Bias is an additional input to each layer starting from the input layer. The bias is not dependent nor impacted by the preceding layer. In simple words, bias is the intercept term and is constant. It implies that even if there are no inputs or independent variables, the model will be activated with a default value of the bias.

The weights and biases are the learnable parameters of the model. In the first iteration or the initialization process, the weights are randomly set up or assigned and optimized to minimize loss or error.

Activation Function

In the above section, we saw that the weights control the transmission of the neurons, and adding the bias makes the nodes a linear combination of weights and bias and can be depicted as:

Activation Function

Currently, the equation for the neural network is of a linear regression model where every neuron will only perform a linear transformation for the combinations of the weights and the bias.  Now, this will be an overly simplified neural network. However, it will not perform any complex computations or detect any patterns. To prepare the model for such complexity, we need transformation, where activation functions enter the story.

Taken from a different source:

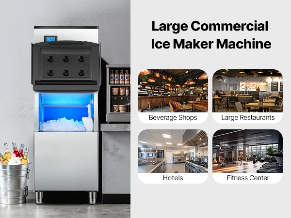 The ice cube machine provides a large ice output, making it ideal for commercial kitchens, restaurants, bars, hotels, and beverage shops.
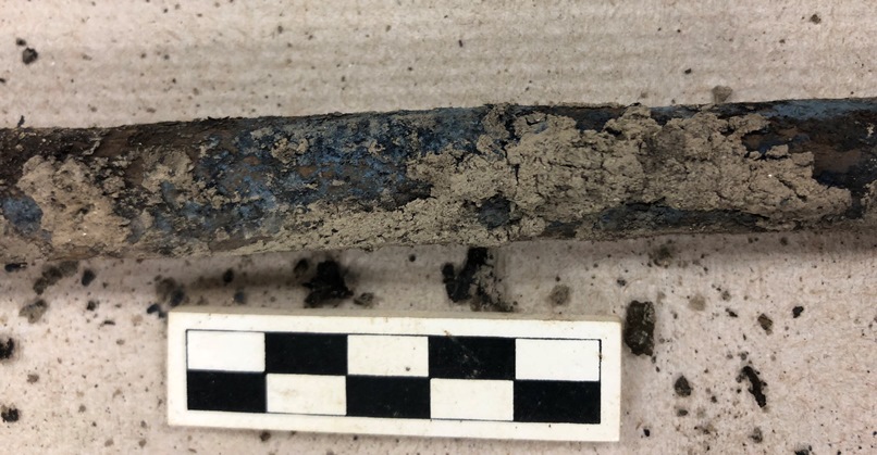 A couple of weeks ago the volunteers cleaning remains, led by Kim Eberle-Wang, in the summer Mutter pop-up lab made an interesting discovery – mysterious blue markings on some of the bones they were cleaning from G-260. What could it be? Was it intentional? Was it some sort of strange mold? Thanks to the sleuthing skills of Dr. Allison Grunwald, our blue substance was determined to be vivianite. The damp, iron-rich soil of 218 Arch Street provided the perfect condition for this mineral to form due to an interaction with the phosphate present in human bone. Apparently, it’s quite a common occurrence. The crystals that form turn blue when exposed to oxygen. As pretty as it is, vivianite can cause problems for DNA analysis.

Activation Functions are an integral part of Neural Networks. The purpose of the activation function is to bring non-linearity to the net by applying the transformation. Activation functions are also known as the ‘Squashing function.’

Internally, the neural networks artificial intelligence with all its components applied looks like below:

There are different activation functions available depending upon their functionality and the layer to be applied upon. To know more about these functions and their applicability can refer to these blogs here and here.

You may also like to read: Components Of Artificial Intelligence – How It Works?

How Are Neural Networks Used in Deep Learning?

Before seeing why the Neural Network is important and used in Deep learning, let’s understand what Deep Learning is and the fundamentals of deep learning.

Based on the artificial neural networks, deep learning is a segment of Machine Learning, and Machine Learning is a subset of Artificial Intelligence. A deep learning algorithm is a complex concept representing through a hierarchy of simpler concepts. Deep Learning has neural networks which perform unsupervised learning from unstructured data. The learning can be either unsupervised, supervised, or semi-supervised.

The learning in this field is using the complex structure of artificial neural networks, which comprise multiple layers, including input, output, and the hidden layers making the learning ‘deep.’ Each of the layers consists of the nodes converting data from one layer to another and activating the network for solving specific problems.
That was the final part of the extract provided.